'''

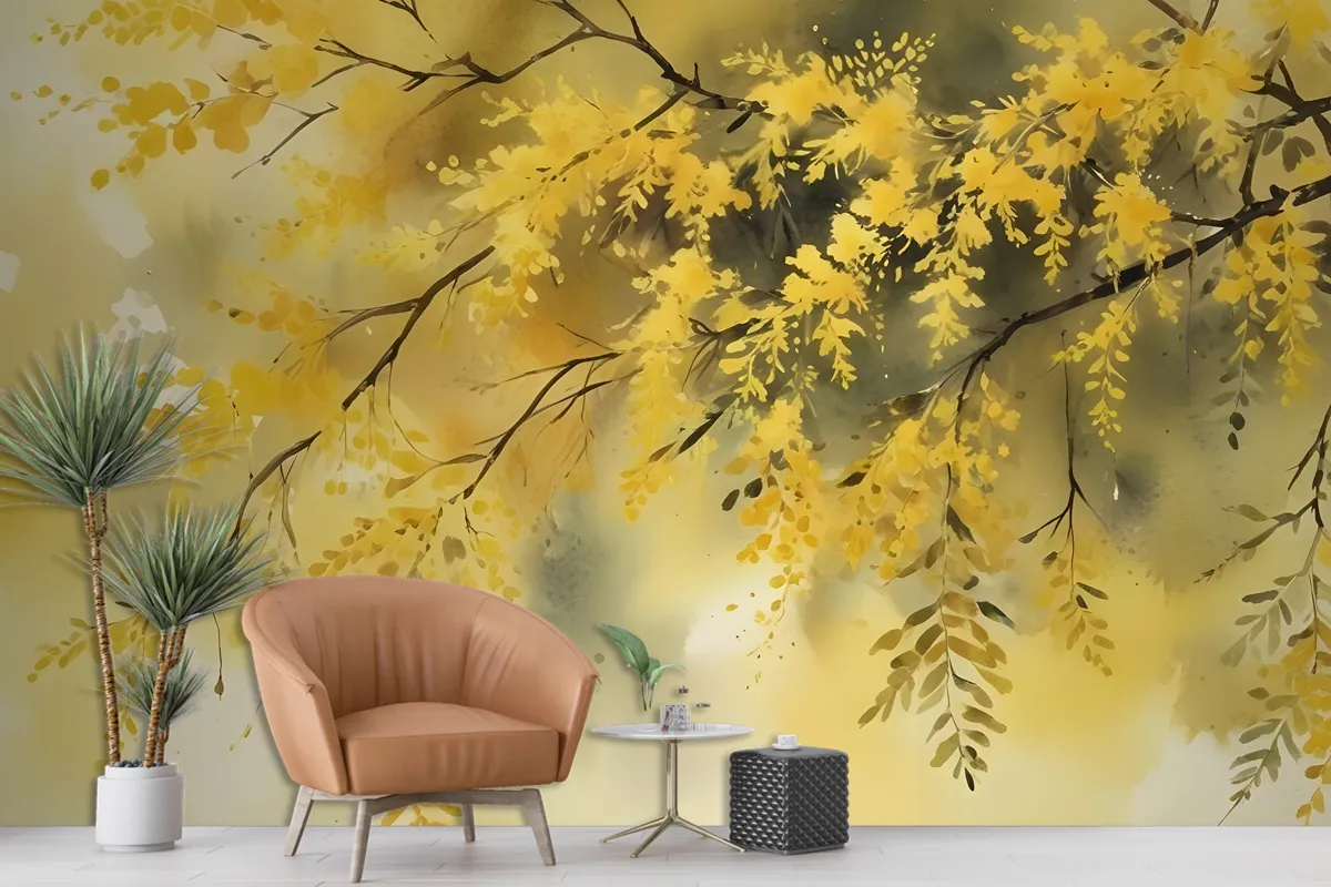 Fototapete AquarellLandschaft Mit Gelben Bäumen
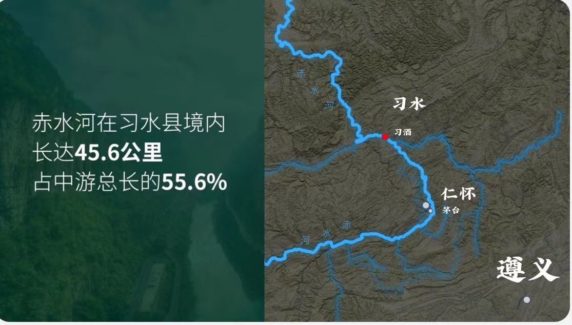 赤水河发源于云南镇雄,流经云、贵、川三省四市 16 个县(市、区)。从仁怀进习水,为中游腹地,孕育了举世闻名的茅台、习酒等多个酱香品牌,产值超 2000 亿元,是著名的美酒河。
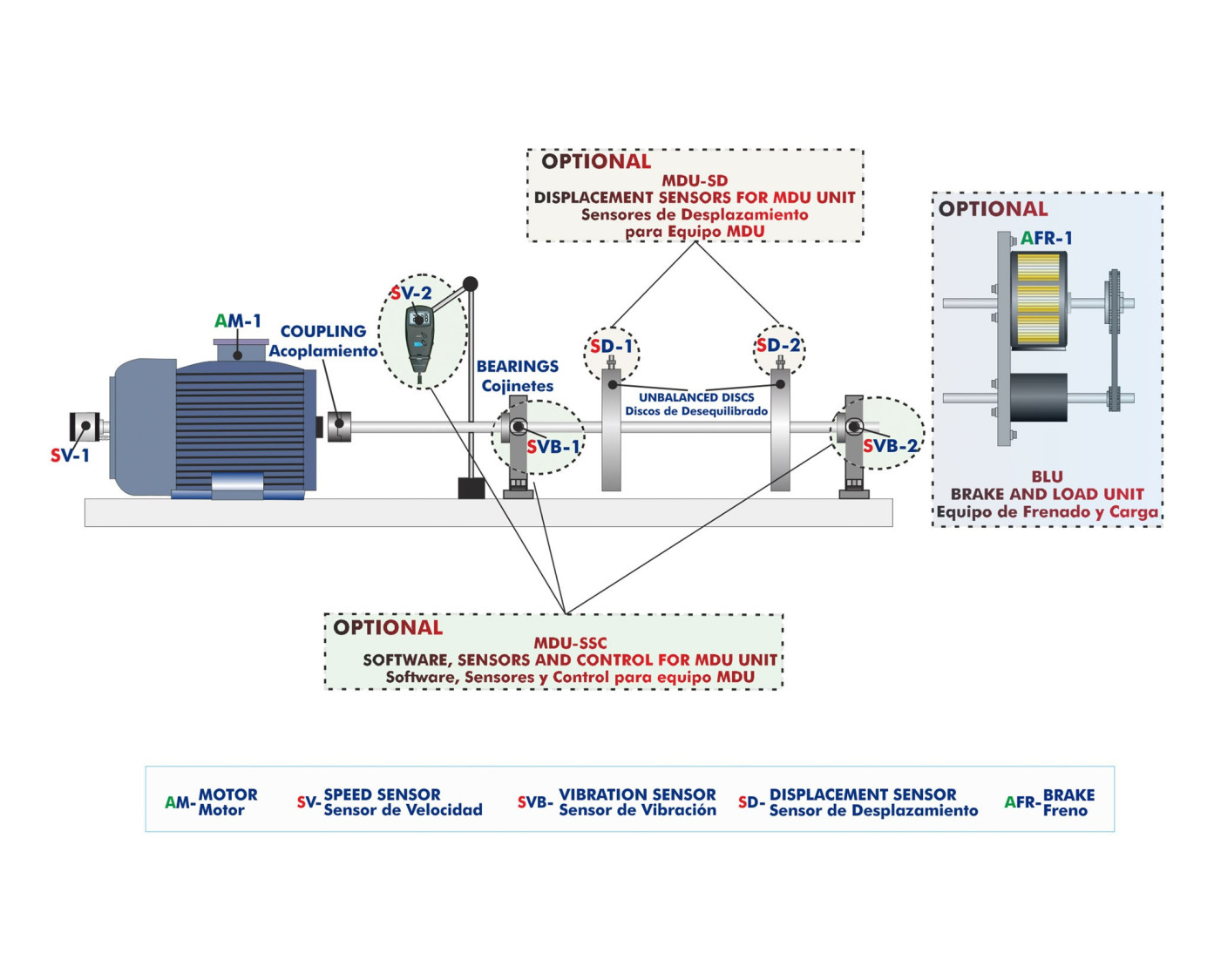 L´Unité de Diagnostic de Machine, Contrôlée par Ordinateur (PC), "MDUC", d’EDIBON permet de réaliser des pratiques de mesure des vibrations, en mesurant le déplacement, la vitesse et l’accélération des vibrations dans la gamme temps-fréquence.

'''

» TO DO
Repeat each line above exactly as it reads, omitting any pictures.

» OUTPUT
 Fototapete AquarellLandschaft Mit Gelben Bäumen
 赤水河发源于云南镇雄,流经云、贵、川三省四市 16 个县(市、区)。从仁怀进习水,为中游腹地,孕育了举世闻名的茅台、习酒等多个酱香品牌,产值超 2000 亿元,是著名的美酒河。
 L´Unité de Diagnostic de Machine, Contrôlée par Ordinateur (PC), "MDUC", d’EDIBON permet de réaliser des pratiques de mesure des vibrations, en mesurant le déplacement, la vitesse et l’accélération des vibrations dans la gamme temps-fréquence.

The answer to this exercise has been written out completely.